Omitting all images, give the entries that follow again exactly as they read.

> _Material provided_:

%%

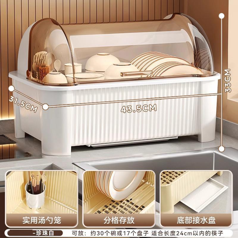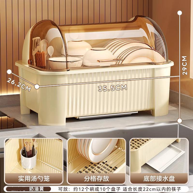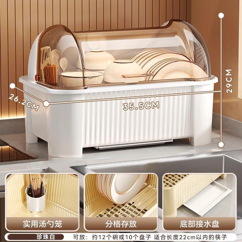碗筷收纳盒带盖带沥水防尘防虫碗架儿童餐具收纳柜厨房家用碗柜
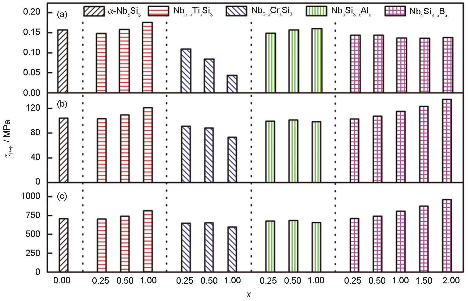 图4 α-Nb5Si3和合金化后的α-Nb5Si3的Peierls-Nabarro力(τP-N)计算值[ (a) {001)<100] slip system (b) {010)<100] slip system (c) {011)1/2<111] slip system |
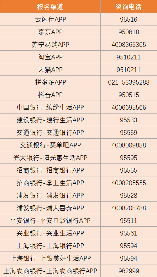 个人消费者可在规定时间内登陆云闪付、京东、苏宁易购、淘宝、天猫、拼多多、抖音、中国银行、建设银行、交通银行、光大银行、招商银行、浦发银行、平安银行、兴业银行、上海银行、上海农商银行等APP的报名渠道选择所需品类报名。
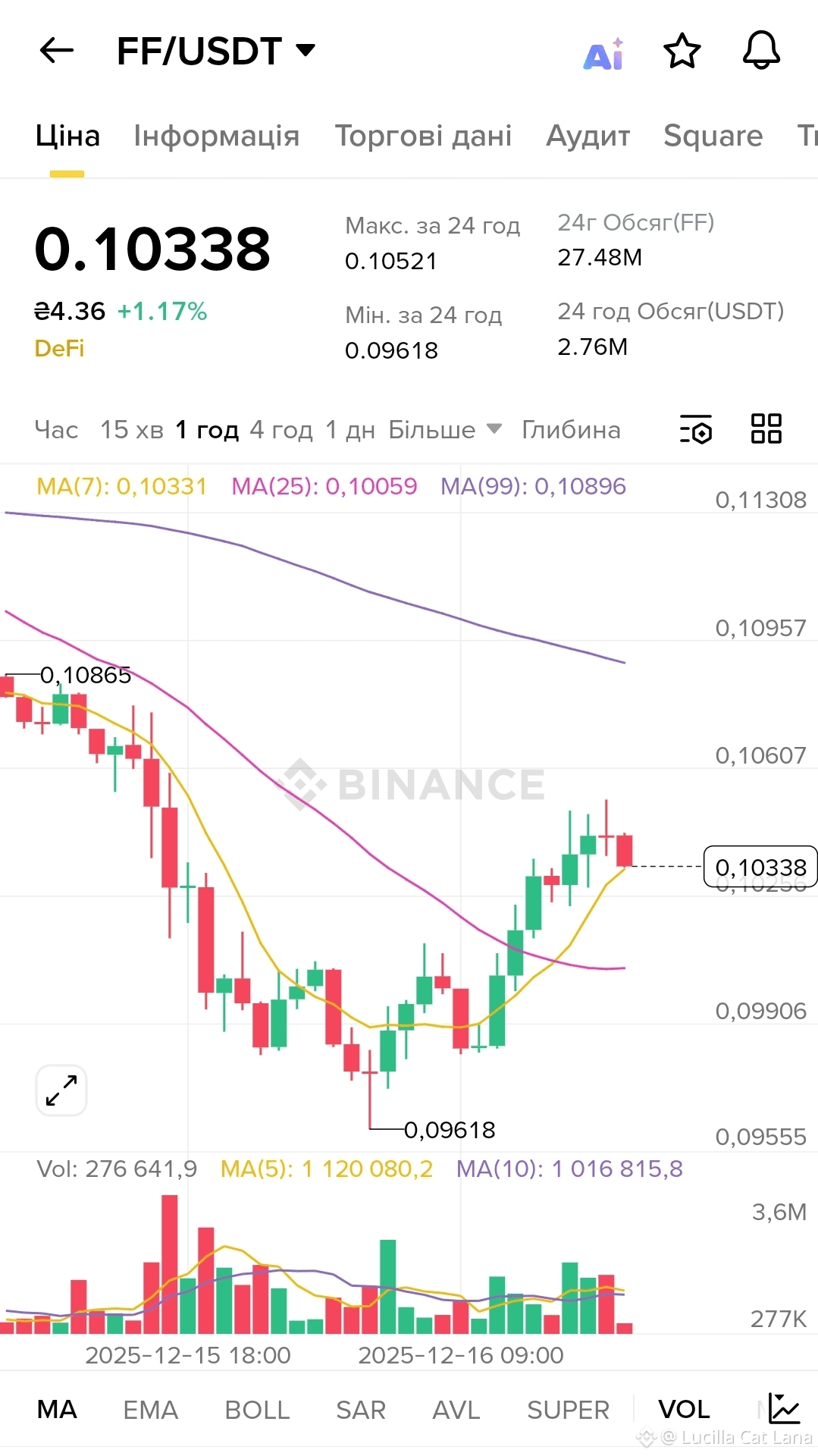 Подивіться на поточний графік $FF — ціна 0.10338 USDT, зростання на 1.17% за добу. За останні 24 години максимум був 0.10521, мінімум 0.09618 — це коливання на 9.4%. І ось у чому краса поєднання криптовалют з RWA: коли $FF падає на 10%, а у вас частина застави — це токенізована нерухомість або золото, загальний профіль ризику вашого портфеля стає набагато стабільнішим. Це диверсифікація не просто між токенами, а між цілими класами активів.
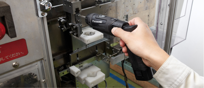 M4ネジを「高速」900回転/分で素早く締め、適正な位置でクラッチが効いてピタリと停止。
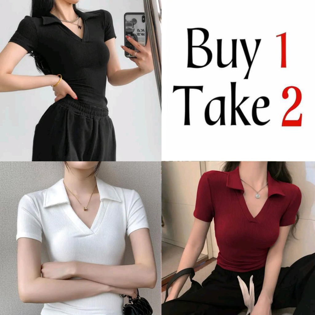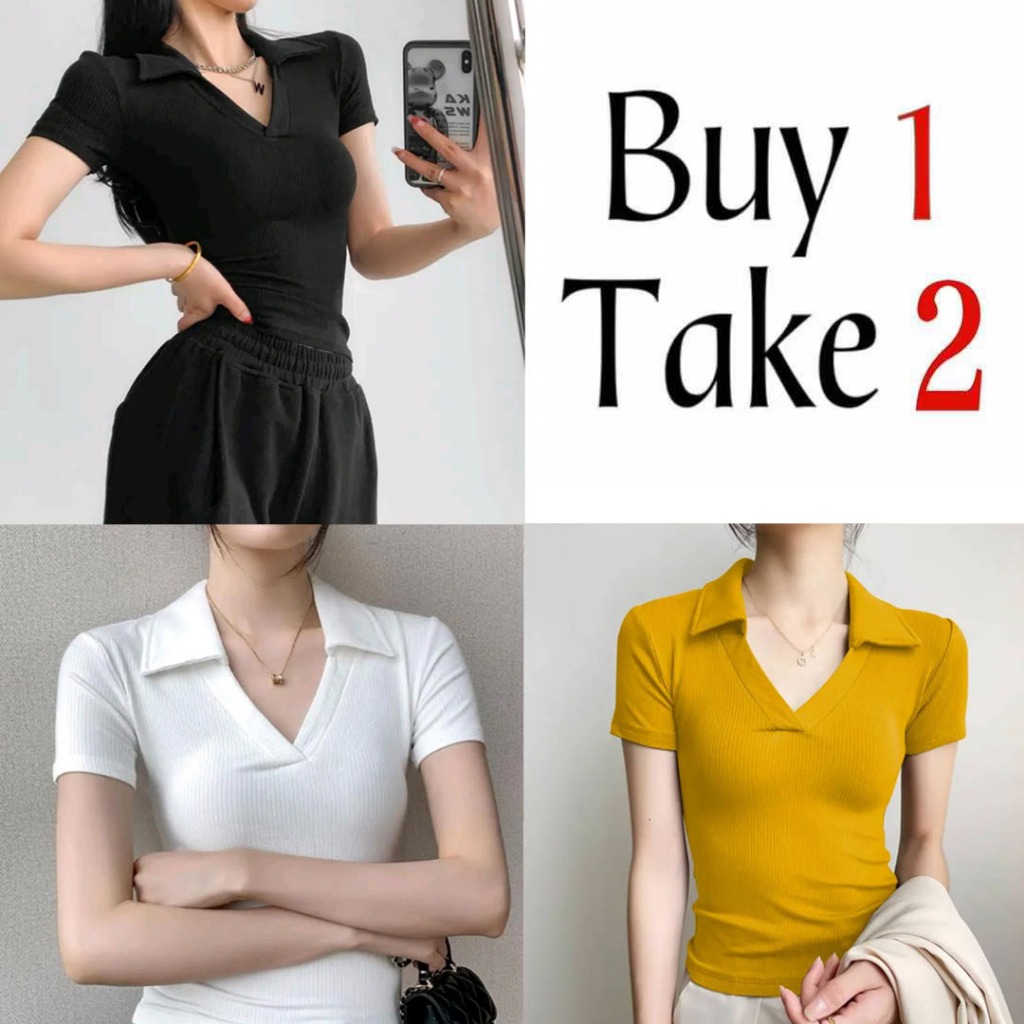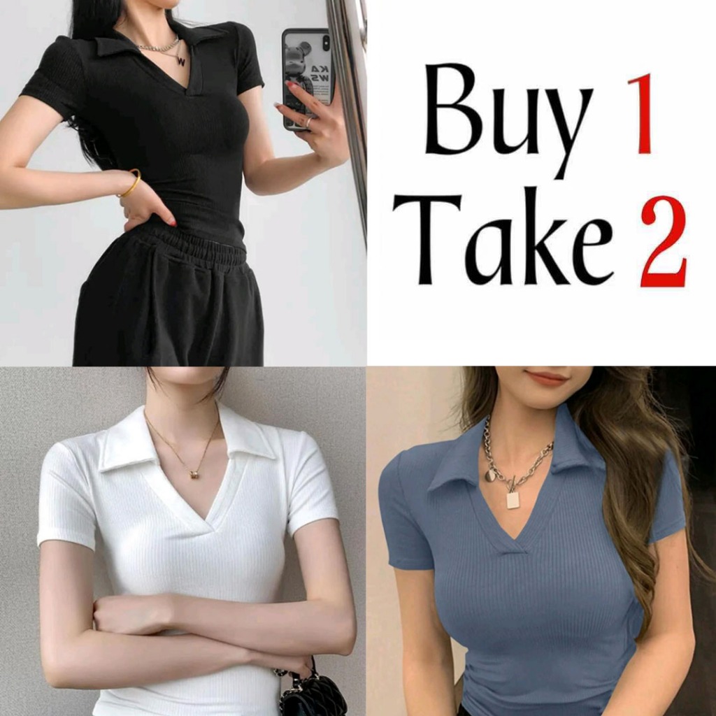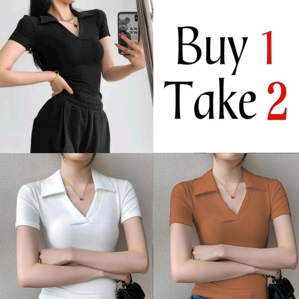 Collar T-Shirt Buy 1 Take 1(Total of 2) Buy 1 Take 2(Total of 3)V-Neck Tops fitted Women Blouse Tops
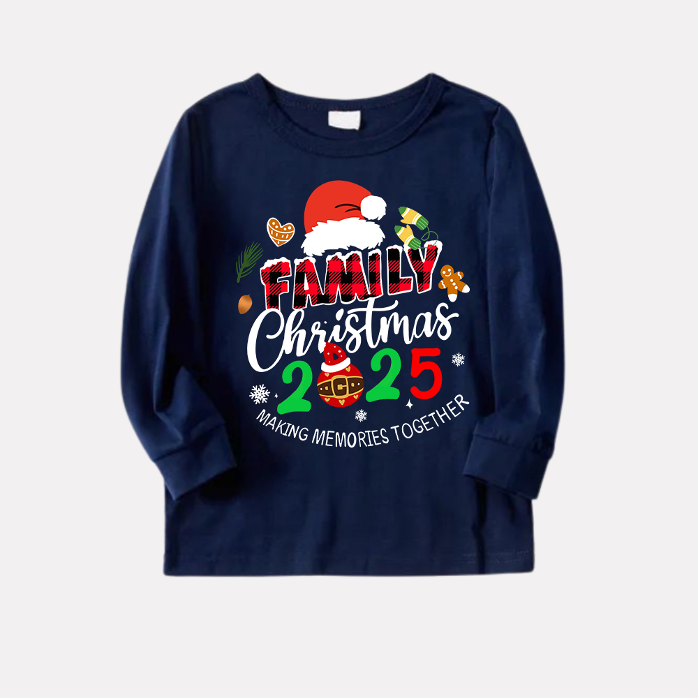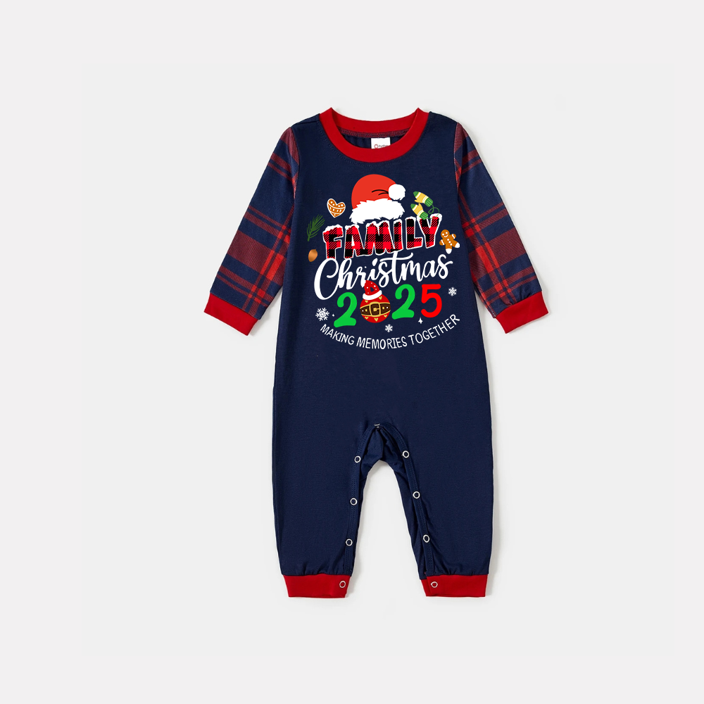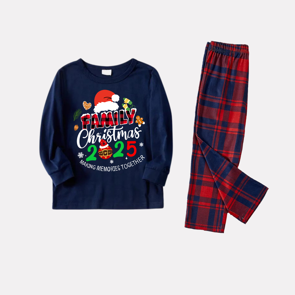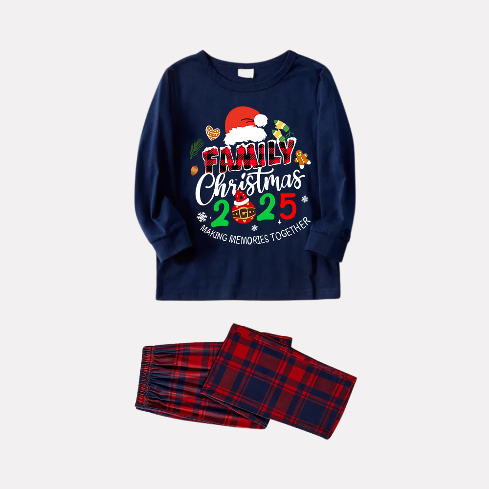 "Family Christmas 2025" Text and Santa Hat Prints Blue Long Sleeves Top with Red and Blue Plaid Pants Christmas Matching Pajamas

%%

> _Answer box_:
碗筷收纳盒带盖带沥水防尘防虫碗架儿童餐具收纳柜厨房家用碗柜
 图4 α-Nb5Si3和合金化后的α-Nb5Si3的Peierls-Nabarro力(τP-N)计算值[ (a) {001)<100] slip system (b) {010)<100] slip system (c) {011)1/2<111] slip system |
 个人消费者可在规定时间内登陆云闪付、京东、苏宁易购、淘宝、天猫、拼多多、抖音、中国银行、建设银行、交通银行、光大银行、招商银行、浦发银行、平安银行、兴业银行、上海银行、上海农商银行等APP的报名渠道选择所需品类报名。
 Подивіться на поточний графік $FF — ціна 0.10338 USDT, зростання на 1.17% за добу. За останні 24 години максимум був 0.10521, мінімум 0.09618 — це коливання на 9.4%. І ось у чому краса поєднання криптовалют з RWA: коли $FF падає на 10%, а у вас частина застави — це токенізована нерухомість або золото, загальний профіль ризику вашого портфеля стає набагато стабільнішим. Це диверсифікація не просто між токенами, а між цілими класами активів.
 M4ネジを「高速」900回転/分で素早く締め、適正な位置でクラッチが効いてピタリと停止。
 Collar T-Shirt Buy 1 Take 1(Total of 2) Buy 1 Take 2(Total of 3)V-Neck Tops fitted Women Blouse Tops
 "Family Christmas 2025" Text and Santa Hat Prints Blue Long Sleeves Top with Red and Blue Plaid Pants Christmas Matching Pajamas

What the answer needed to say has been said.